Mileage Tracking for Construction Workers
Many construction workers drive 8,000 to 20,000 business miles a year. At the 2026 IRS standard rate of 72.5 cents per mile, that is a deduction range of $5,800 to $14,500 for the workers who can claim it.
Who can deduct
Construction workers split between 1099 independent contractors (deductible on Schedule C at 72.5 cents per mile) and W-2 employees of construction companies (not federally deductible since 2018, made permanent by the OBBBA). Per-diem and union W-2 workers should pursue employer reimbursement and check state law.
How construction workers actually drive
A 1099 independent doing job-site work for multiple GCs commonly logs 12,000 to 18,000 business miles a year. W-2 workers driving between sites for the same employer log similar mileage but cannot deduct it federally.
Typical deductible trips
The trips below are the ones construction workers most commonly forget to log, plus the obvious ones. Auto-tracking catches all of them, including the small ones that add up.
- Driving from a base of operations (home office or shop) to a job site (1099 only for federal deduction)

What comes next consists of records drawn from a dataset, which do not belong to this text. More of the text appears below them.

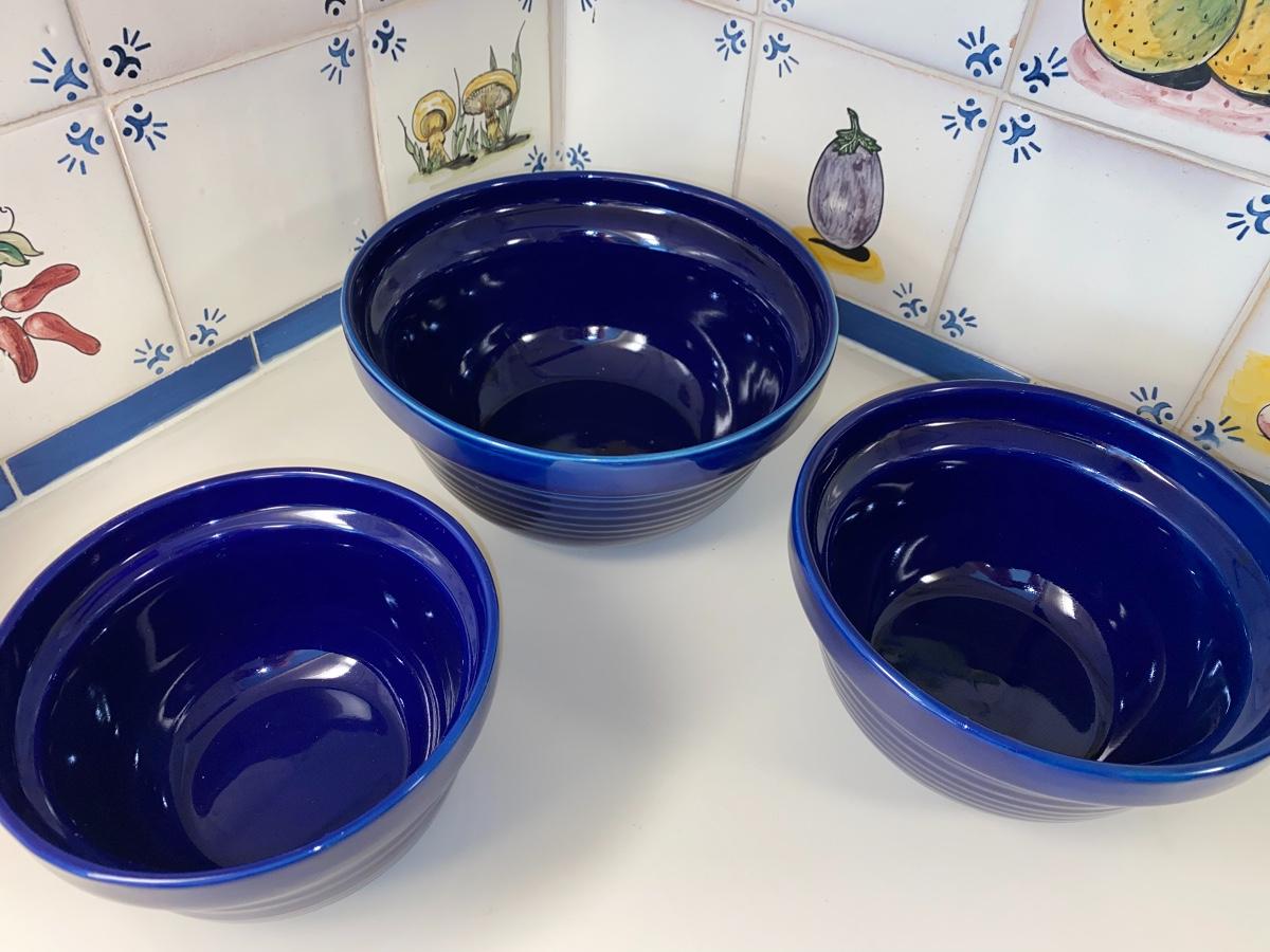 (3) Cobalt pottery Mixing Bowls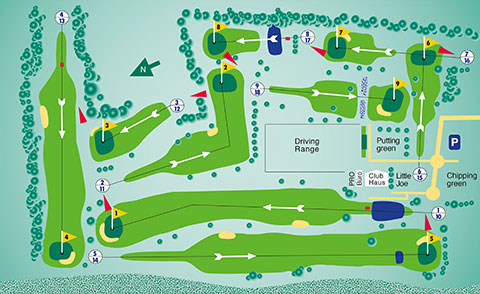 Driving Range mit 16 Abschlagplätzen (teilweise überdacht), Putting Green, Pitching Green und Übungsbunker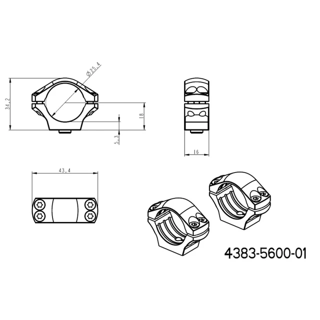 Scope rings for installation of any scope with matching diameter of the main tube.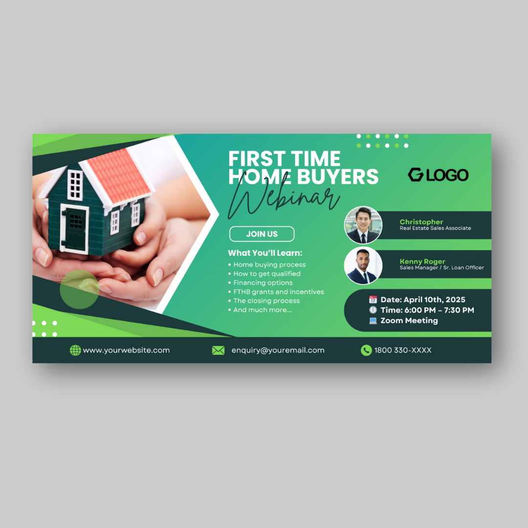 Promote your real estate webinar or homebuyer info session with this modern Canva template set. Designed for real estate professionals to connect with potential buyers and educate them on the buying process.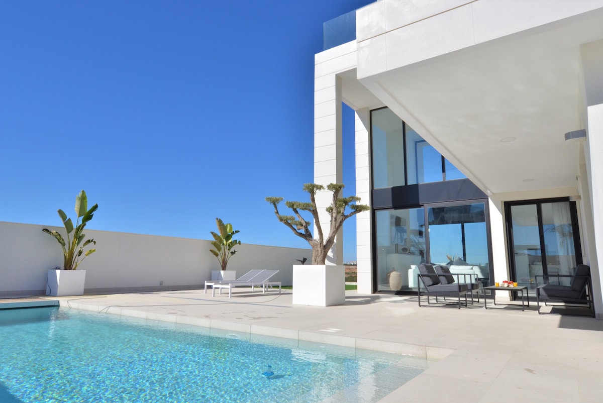 Golf, beach, bars, restaurants, big city or quiet relaxation. Bring your family or friends and enjoy this elegant residence. The brand new luxurious villa has a range of amenities. Private garden and pool area with various seating areas, sunbeds and barbecue, perfect for outdoor relaxation. You can enjoy three floors with a large roof terrace where you can enjoy the view of the city and the sea. Air conditioning and fast internet. We offer 3 double beds 160*200 and 4 single beds 90*200.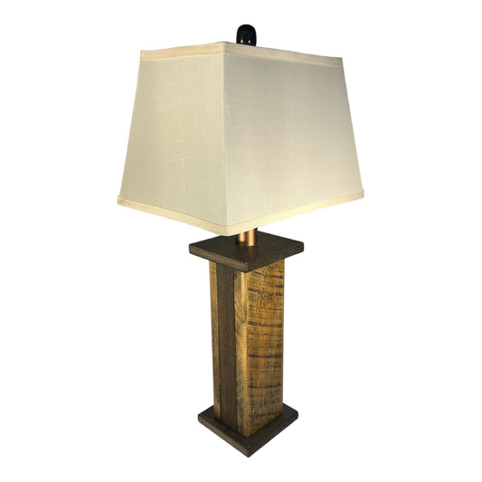 Rustic Farmhouse Rough Sawn Barn Wood Battery Powered Table Lamp - Textured Hickory Poly Core with Golden Oak Barn Wood Panels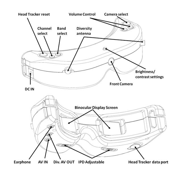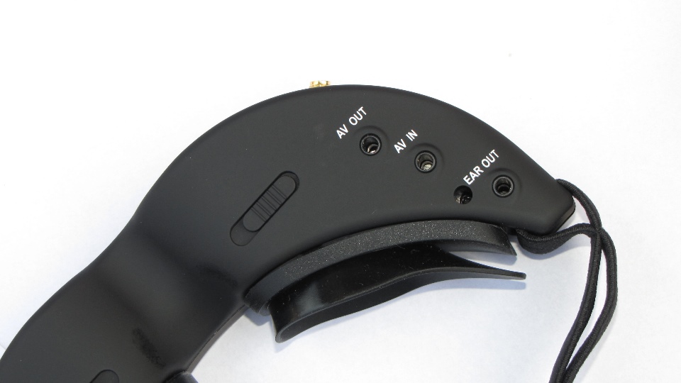 Pod spodem goggli zauważymy podłużne klawisze - regulację rozstawu monitorów LCD. Bardzo pomocna i przydatna funkcja, której niestety zabrakło w fatsharkach serii dominator. Najwidoczniej Chinczycy uznali iż wszyscy mają takie same skośne oczka. Po bokach znajdują się gniazda rozszerzeń i wyjść, z lewej na system trackera, z prawej złącza AV.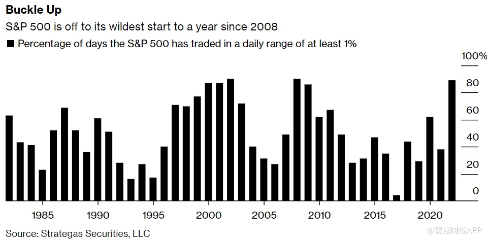 投资者也遭受了2008年以来最严重的打击。Strategas Securities的数据显示,2022年,标普500指数在89%的交易日中的每日波动幅度至少为1%。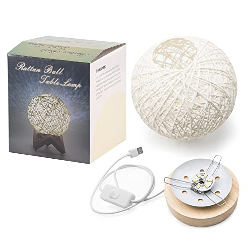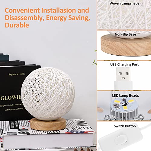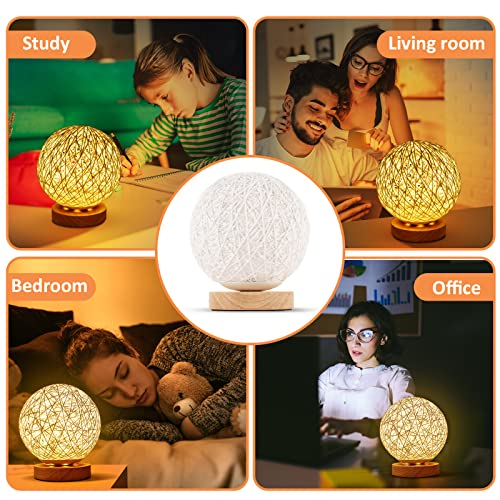 UNISOPH Lampada da Tavolo in Legno, Lampada da Tavolo USB con Paralume a Sfera in Rattan Lavorato a Mano Lampada da Luna in Legno per Camera da Letto Decorativa da Comodino (Bianco)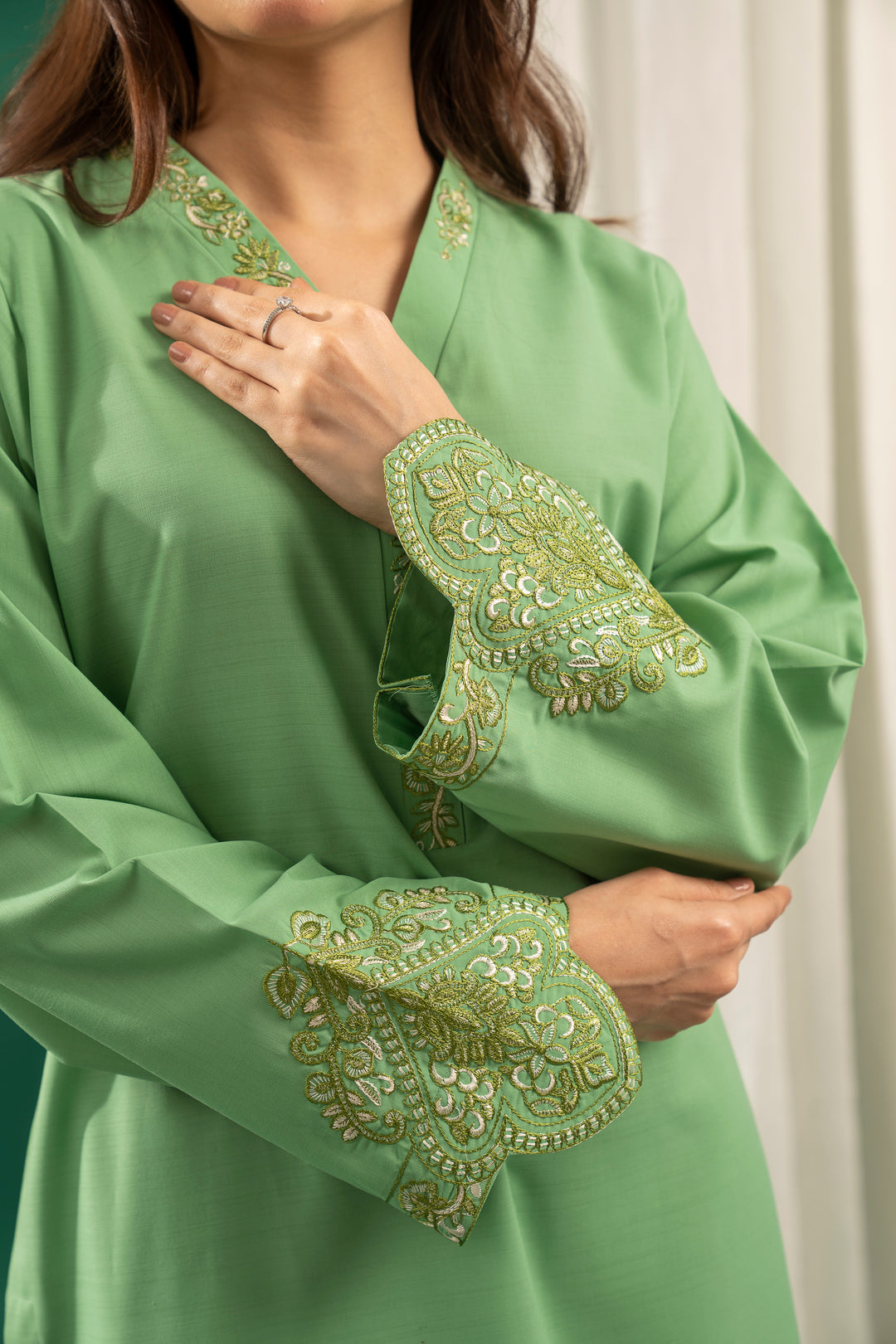 Elevate your style with our Green Embroidered CO-ORD Set. Crafted from a luxurious blended fabric, this set features elegant embroidery on the neckline and sleeves. With a flattering V neckline, this set will add a touch of sophistication to any outfit. Perfect for any occasion.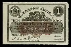 - ^ "NEW COLONIAL BANK OF AUSTRALASIA". The Argus (Melbourne). No. 10, 455. Victoria, Australia. 20 December 1879. p. 8. Retrieved 12 August 2021 – via National Library of Australia.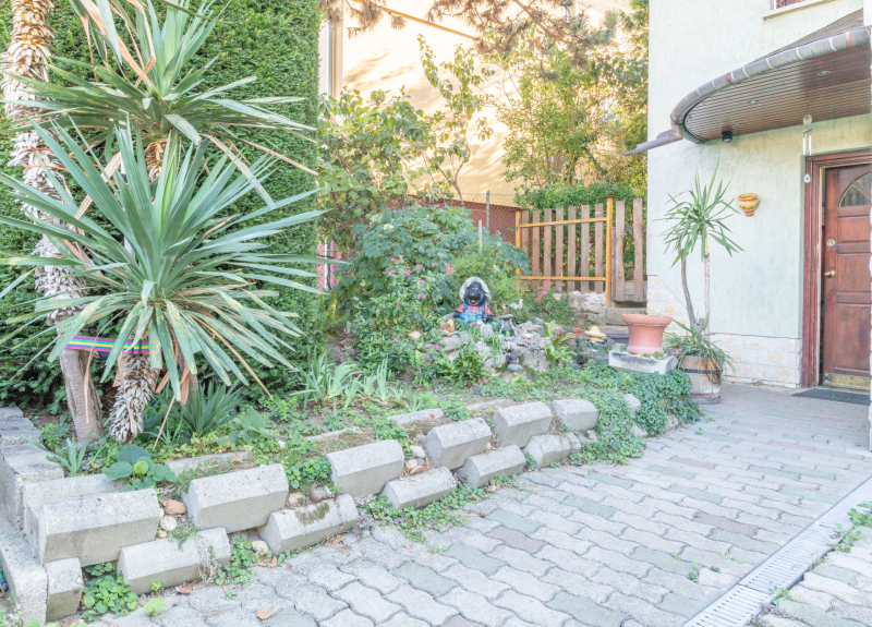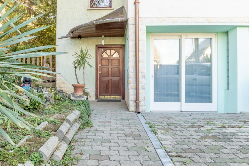 - Terasza és kertje a nappalihoz kapcsolódik, amely a domborzati viszonyok miatt egy szinttel feljebb van, mint az utcafront felőli bejárat.
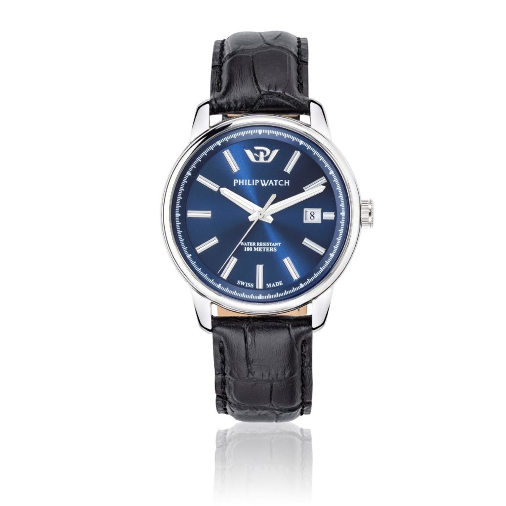Herreklokke fra Philip Watch med skinnreim og hvit urskive.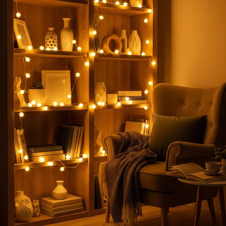 Weave string lights through bookshelf items creating glow. The unexpected lighting adds magical indoor Christmas character. Your shelf lights surprise perfectly!

- Driving between two job sites in a single day
- Driving to a supply house to pick up materials for a specific job
- Driving to client meetings or estimate appointments (1099 deductible)
- Driving to required OSHA training, certifications, or apprenticeship classes (1099 deductible)
How TruMile helps
TruMile auto-detects every drive using motion plus location, so the trips above get logged whether you remember them or not. Smart classification learns your repeat routes (between regular client homes, between job sites, to your supply store) and starts tagging them automatically after a few trips.
At year-end, one tap turns your trip log into an IRS-compliant CSV or PDF you can hand to your accountant or paste into Schedule C. The math is already done.
Free for 40 auto trips a month, every month. If you are anywhere near the high end of the typical mileage range, the unlimited Pro tier at $7.99 a month or $59.99 a year usually pays for itself in the first week of tax season.
FAQ for construction workers
I am W-2 union. The job-site changes every few weeks. Why can't I deduct?
The W-2 mileage deduction was eliminated in 2018 and made permanent by the One Big Beautiful Bill. Many construction CBAs include mileage-reimbursement provisions for travel beyond a defined radius; check your CBA. California, Illinois, Massachusetts, and New York also mandate employer reimbursement.
I'm a 1099 sub. Are drives between sites for two different GCs deductible?
Yes. As an independent contractor, every drive between job sites is business mileage, regardless of which GC you are working for that day.
Are home-to-first-site drives deductible?
For a 1099 contractor with a qualifying home office, yes. Without a qualifying home office, the first drive of the day is treated as a commute and is not deductible.